# [Task objective]
Pictures should be omitted; restate word for word the lines from the one holding "Площадь номера - 19,4" through the last line of the entries below.

-------- Materials provided

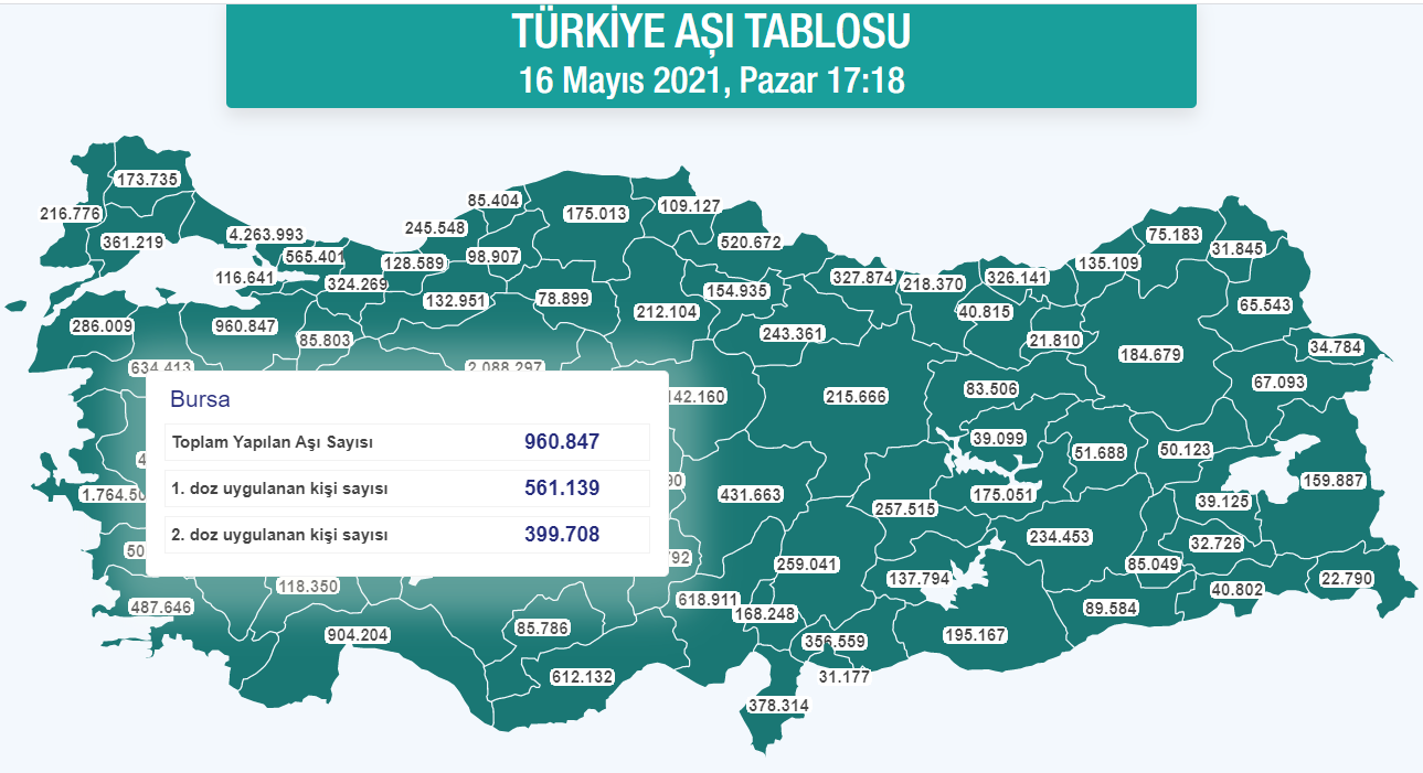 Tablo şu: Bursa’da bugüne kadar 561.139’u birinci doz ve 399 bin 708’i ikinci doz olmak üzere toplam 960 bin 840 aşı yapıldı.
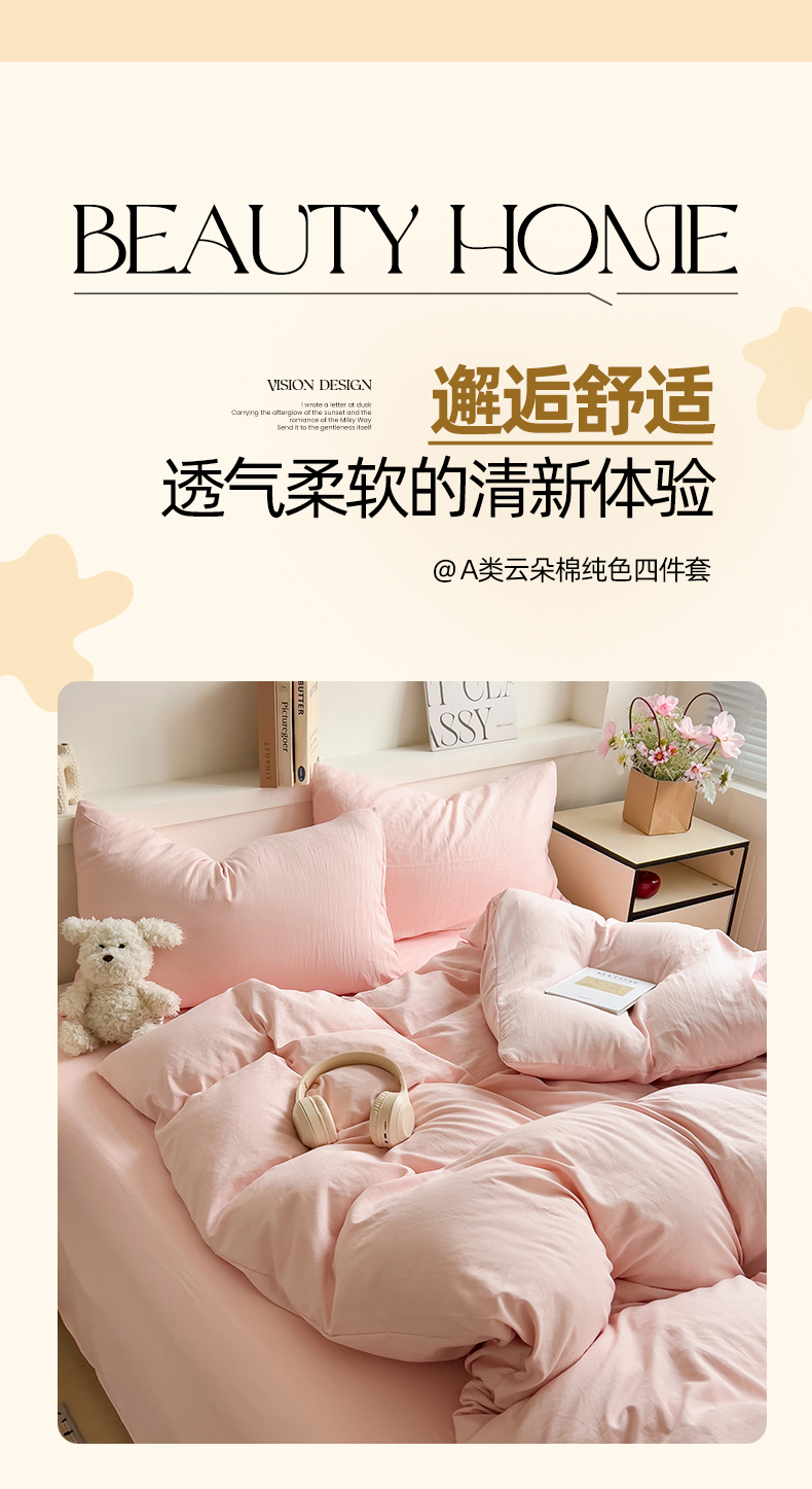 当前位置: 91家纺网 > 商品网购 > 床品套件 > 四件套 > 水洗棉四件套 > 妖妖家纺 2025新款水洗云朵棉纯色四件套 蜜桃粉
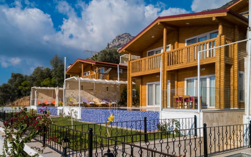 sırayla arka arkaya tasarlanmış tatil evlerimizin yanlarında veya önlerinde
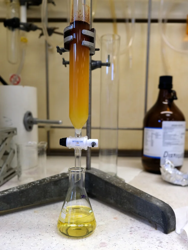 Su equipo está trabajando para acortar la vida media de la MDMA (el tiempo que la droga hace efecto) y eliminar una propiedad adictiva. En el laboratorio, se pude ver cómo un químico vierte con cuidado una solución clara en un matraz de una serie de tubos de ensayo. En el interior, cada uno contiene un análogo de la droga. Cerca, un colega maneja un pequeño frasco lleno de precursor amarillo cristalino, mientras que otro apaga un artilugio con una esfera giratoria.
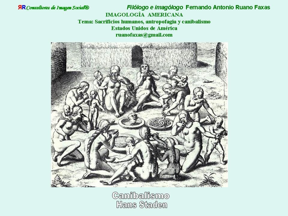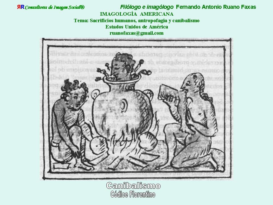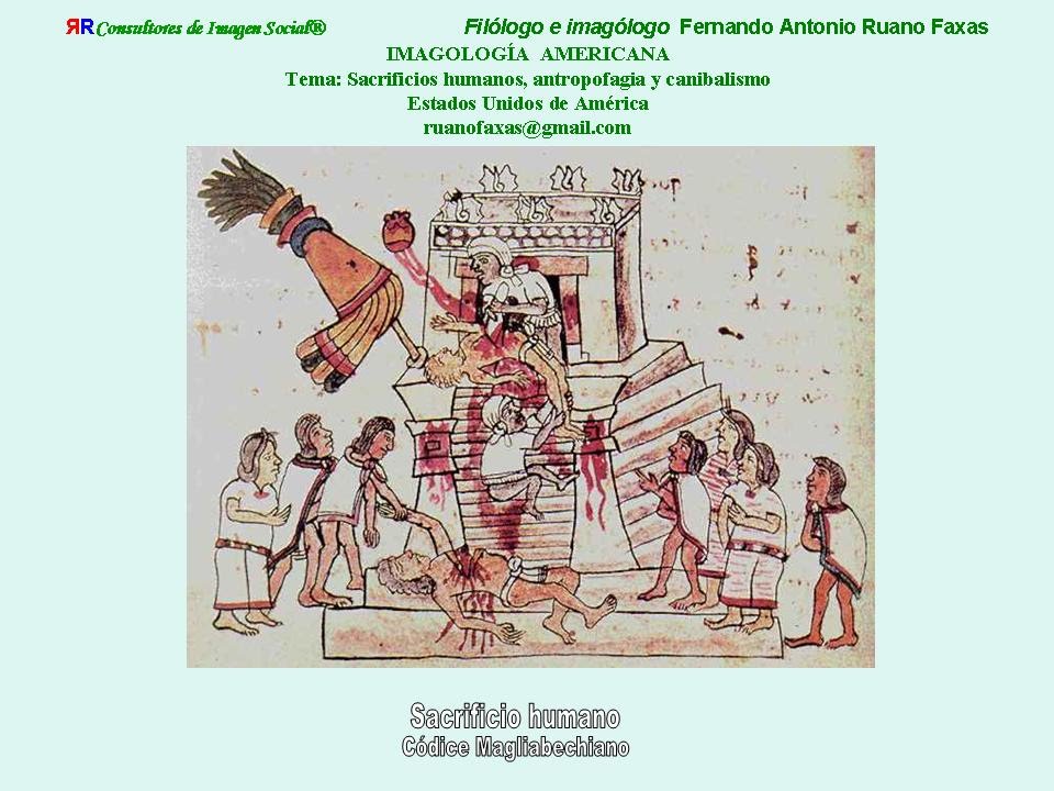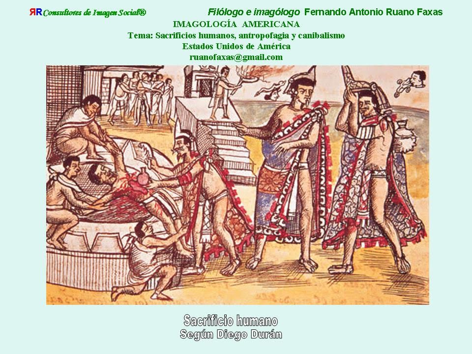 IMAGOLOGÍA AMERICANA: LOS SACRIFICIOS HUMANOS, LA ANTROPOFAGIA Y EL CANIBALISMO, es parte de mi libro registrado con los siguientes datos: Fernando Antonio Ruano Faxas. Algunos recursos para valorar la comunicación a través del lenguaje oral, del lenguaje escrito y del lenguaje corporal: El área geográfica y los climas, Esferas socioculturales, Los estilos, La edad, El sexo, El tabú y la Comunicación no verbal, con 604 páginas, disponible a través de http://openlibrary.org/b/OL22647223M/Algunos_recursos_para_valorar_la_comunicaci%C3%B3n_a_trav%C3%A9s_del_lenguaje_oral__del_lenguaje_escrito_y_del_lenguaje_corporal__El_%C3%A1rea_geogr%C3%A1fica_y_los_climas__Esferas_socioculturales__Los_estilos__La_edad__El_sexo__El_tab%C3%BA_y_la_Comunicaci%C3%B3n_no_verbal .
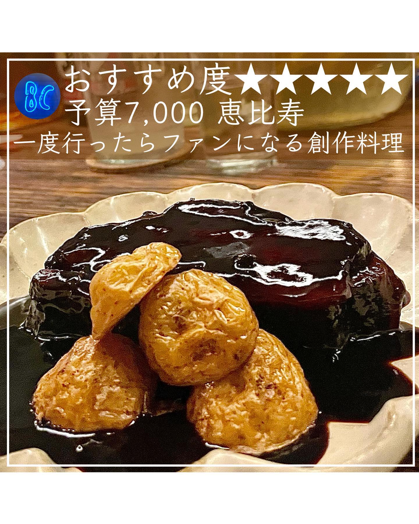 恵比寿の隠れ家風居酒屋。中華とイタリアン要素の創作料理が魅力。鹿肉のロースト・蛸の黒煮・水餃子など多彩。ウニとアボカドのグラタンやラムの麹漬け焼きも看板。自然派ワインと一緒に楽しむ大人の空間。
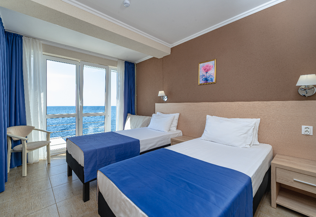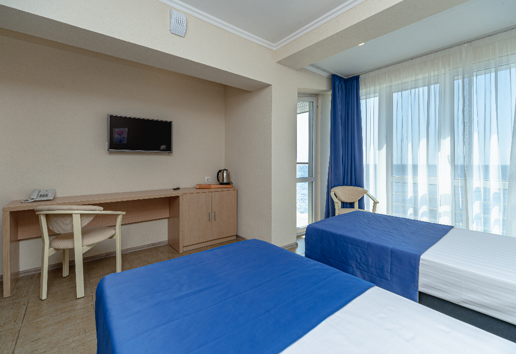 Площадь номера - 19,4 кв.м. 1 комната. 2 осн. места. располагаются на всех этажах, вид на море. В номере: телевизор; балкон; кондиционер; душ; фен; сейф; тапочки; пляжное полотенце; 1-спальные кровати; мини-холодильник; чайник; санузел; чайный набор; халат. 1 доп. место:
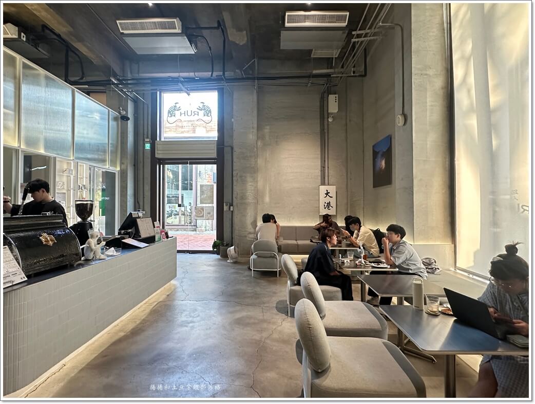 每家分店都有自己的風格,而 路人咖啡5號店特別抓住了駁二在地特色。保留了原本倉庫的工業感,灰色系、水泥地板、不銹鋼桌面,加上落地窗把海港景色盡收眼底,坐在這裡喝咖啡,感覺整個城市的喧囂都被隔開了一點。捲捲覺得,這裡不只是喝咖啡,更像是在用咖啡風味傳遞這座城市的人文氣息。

----------------

# [Answer to the exercise]
 Площадь номера - 19,4 кв.м. 1 комната. 2 осн. места. располагаются на всех этажах, вид на море. В номере: телевизор; балкон; кондиционер; душ; фен; сейф; тапочки; пляжное полотенце; 1-спальные кровати; мини-холодильник; чайник; санузел; чайный набор; халат. 1 доп. место:
 每家分店都有自己的風格,而 路人咖啡5號店特別抓住了駁二在地特色。保留了原本倉庫的工業感,灰色系、水泥地板、不銹鋼桌面,加上落地窗把海港景色盡收眼底,坐在這裡喝咖啡,感覺整個城市的喧囂都被隔開了一點。捲捲覺得,這裡不只是喝咖啡,更像是在用咖啡風味傳遞這座城市的人文氣息。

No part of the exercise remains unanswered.